Fears of a Triple Whammy: Influenza, Delta, and Omicron


Don’t look now, but influenza is making a comeback. What if it joins forces with COVID-19 variants?

The first known case of a person who’s been hit with the double whammy of influenza and COVID-19 has been reported in Israel, according to the Times of Israel. The dual infections were found in a pregnant woman who had not been vaccinated. The article notes that though some reports call it the first such case in the world, reports of people having flu and COVID-19 simultaneously had been documented in the United States as early as 2020.

However, the “twindemic” that health experts feared would overrun hospitals last year during flu season didn’t happen. That’s because the nonpharmaceutical COVID-19 mitigation tools—hand hygiene, masking, social distancing—had beaten back a flu surge, experts say. Those mitigation efforts have been relaxed and the results might be flu and COVID-19 combined.

Or even worse.

“We could get a triple whammy, with people getting the flu, on top of Delta, on top of Omicron,” says Linda Spaulding, RN-BC, CIC, CHEC, CHOP, a member of Infection Control Today®’s Editorial Advisory Board, who has written extensively about the dangers that flu and COVID-19 combined present to already overburdened health care systems.

Spaulding wrote ICT®’s cover story in October about influenza with the title: “Surging or Shackled?
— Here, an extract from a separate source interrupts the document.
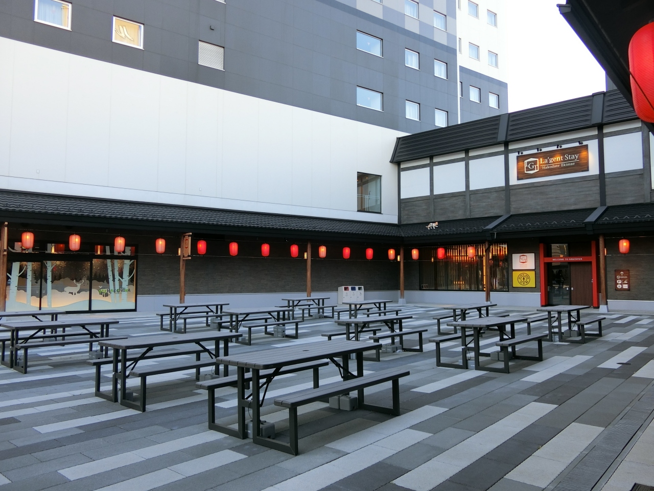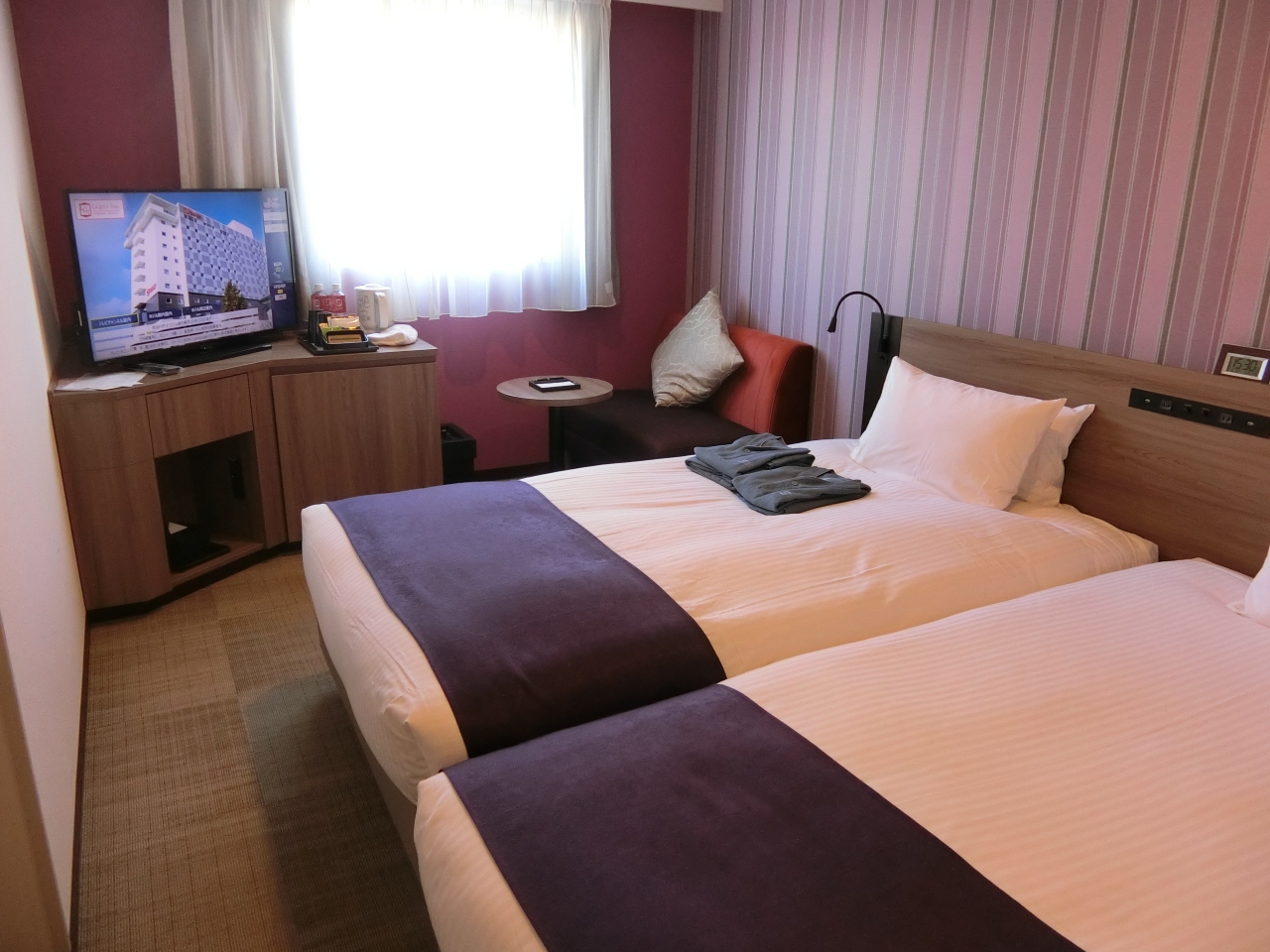 コンビニ、ジム、飲食店、土産物店などの複合商業施設ハコビバの中にあります。部屋は広いとは言えませんが充分な設備で新しいのが嬉しいです。雨で靴が濡れてしまいこちらの靴脱臭乾燥機で30分で乾いたのでとても助かりました。朝まで入れる大浴場はジムの利用者と共用です。混んでるとエレベーター待つかも。

Flu Season Could Go Either Way.” Well, judging by data from the Centers for Disease Control and Prevention (CDC), at the moment it seems to be surging (see the chart below). “The number of influenza-associated hospitalizations [last flu season] was the lowest recorded since these data were first collected in 2005,” Spaulding wrote.

That was then, this is now.

Spaulding’s been giving advice to infection preventionists throughout the pandemic about the double threat.

In a Q&A with ICT® in August 2020, Spaulding said that infection preventionists have “been dealing with COVID enough, so they know that they have to isolate, they have to wear PPE. For flu, we wouldn’t be suggesting the same PPE as we do for COVID. But you’re not going to have a flu ward, a COVID ward, say like in long-term care, because you’re not going to know if it’s COVID or flu.”

About facing a double or triple whammy of flu and some COIVD-19 strain, Spaulding says that “there’s nothing special that IPs can do except just continue monitoring. There’s no way to prevent, unless people would just put a darn mask on.”

In June 2021, ICT® interviewed Lynnette Brammer, who heads the CDC's Domestic Influenza Surveillance team. Brammer was asked if the fact that COVID-19 resulted in a flu season with the lowest number of cases since records had been kept—2,038 from September 27, 2020, to April 24, 2021—might make it more difficult to make a flu vaccine for this year. Flu vaccines are based on the data collected from the preceding year.

“We haven’t had as much data as we did in previous years, but we did still have a good bit of data,” Brammer said. “There weren’t a lot of influenza viruses circulating anywhere, but there were some.”

Spaulding says that she’s not surprised that the flu has rebounded this year. The CDC’s Weekly Influenza Surveillance Report for the week ending December 25, 2021, states that “most of the H3N2 viruses so far are genetically closely related to the vaccine virus, but there are some antigenic differences that have developed as H3N2 viruses have continued to evolve.”

Spaulding contends that the CDC “got it wrong” when it created the flu vaccine for this year, and not because of a lack of data. “I think it just happened,” Spaulding says. “They do their best to try to determine what flu is going to affect people from year to year and sometimes they make a good guess and sometimes they just miss it.”